A STAWELL mining company exploring two Western District sites is aiming to tap into copper reserves worth billions of dollars in the region.
Navarre Minerals is exploring farmland at Cherrypool west of the Grampians and south of Glenthompson where previous research has shown a huge buried Andean-style volcanic magmatic arc with large reserves of copper plus gold, silver and other valuable minerals.
It and other companies also have exploration rights in other parts of the region.
“We’re pretty excited by the prospects,” Navarre managing director Geoff McDermott told The Standard.
“These are the oldest rocks in Victoria — 500 million years old — and the volcanic terrain goes for hundreds of kilometres.
“We are trying to find out how close to the surface the copper is which will determine if an open-cut pit or deep underground mining operations are feasible.”
He said the company had identified prospects within a three-kilometre-square site near Cherrypool.
“Somewhere in there is the prize,” he said.
“There are also good prospects south of Glenthompson, but to be successful you must look in the right spot, examine all the clues and have luck.

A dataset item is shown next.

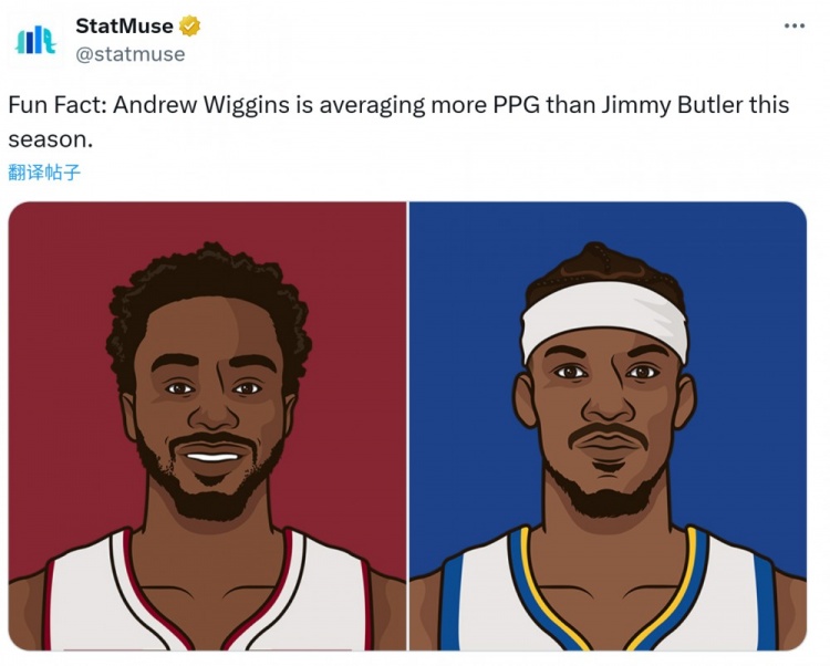 - 美媒:有趣的是 維金斯本賽季場(chǎng)均17.6分比巴特勒高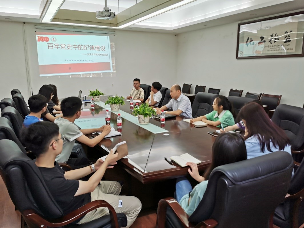 李天友副书记从“建党初期党的纪律建设、苦难中艰难探索与发展、建国初期党的纪律建设和开启全面从严治党新的伟大征程”四个方面,对百年党史中党的纪律建设进行了系统的回顾和讲解。

“To be economic mines need reserves of 500 million tonnes, enough to last up to 100 years.
“For a similar region in South Australia it cost a billion dollars to build the mine and there is a workforce of 400, plus contractors.”

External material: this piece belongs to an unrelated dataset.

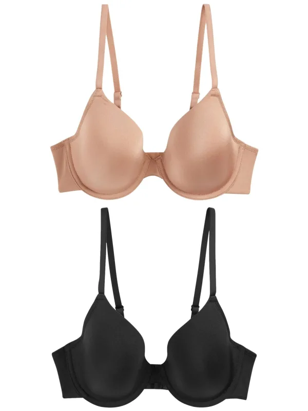 Cup soorten: Full cup bh; Soort bandjes: Normale bandjes; Bh/bikini type: T-shirt; Beugel: Met beugel; Type sluiting: Haakjes; Motief: Effen; Extra's: Lichte stof; Aantal: 2 Pack

He said it usually took seven to 10 years from when an exploration licence was granted to a decision on whether to open a mine.
Mr McDermott said copper prices were still high in historic terms and world demand continued to grow.

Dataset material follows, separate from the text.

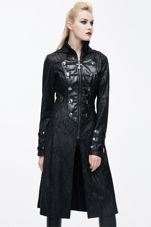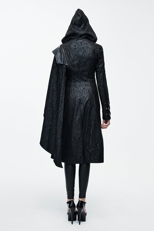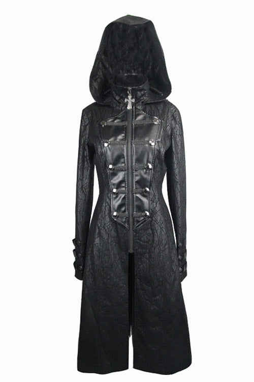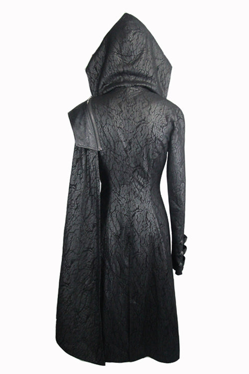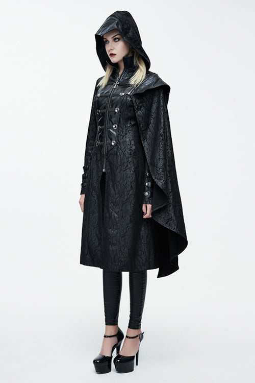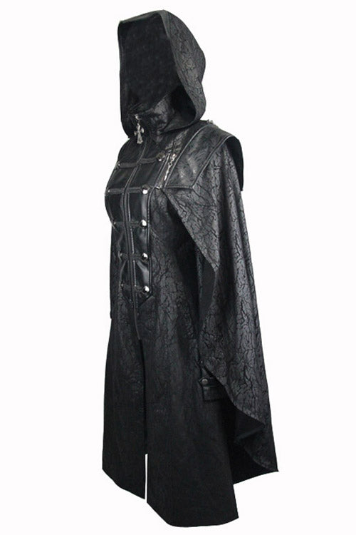 The main fabric is made of tree patterned glued Suede fabric. The collar is made of Gothic patterned leather which is stitched with 3D braid. The left cape is connected with a zipper, which can be removed.

“The western Victorian copper belt has a lot of infrastructure to support mining operations with a deep water port, railway, highways, skilled workforce, water supply and electricity,” he said.
Mr McDermott and other Navarre directors were involved in running the Stawell gold mine before it went through a number of takeover ownership changes.
“Our aspiration is to find minerals in central and western Victoria and then become a producer,” he said.
“We live in areas we explore. It’s certainly worthwhile doing.”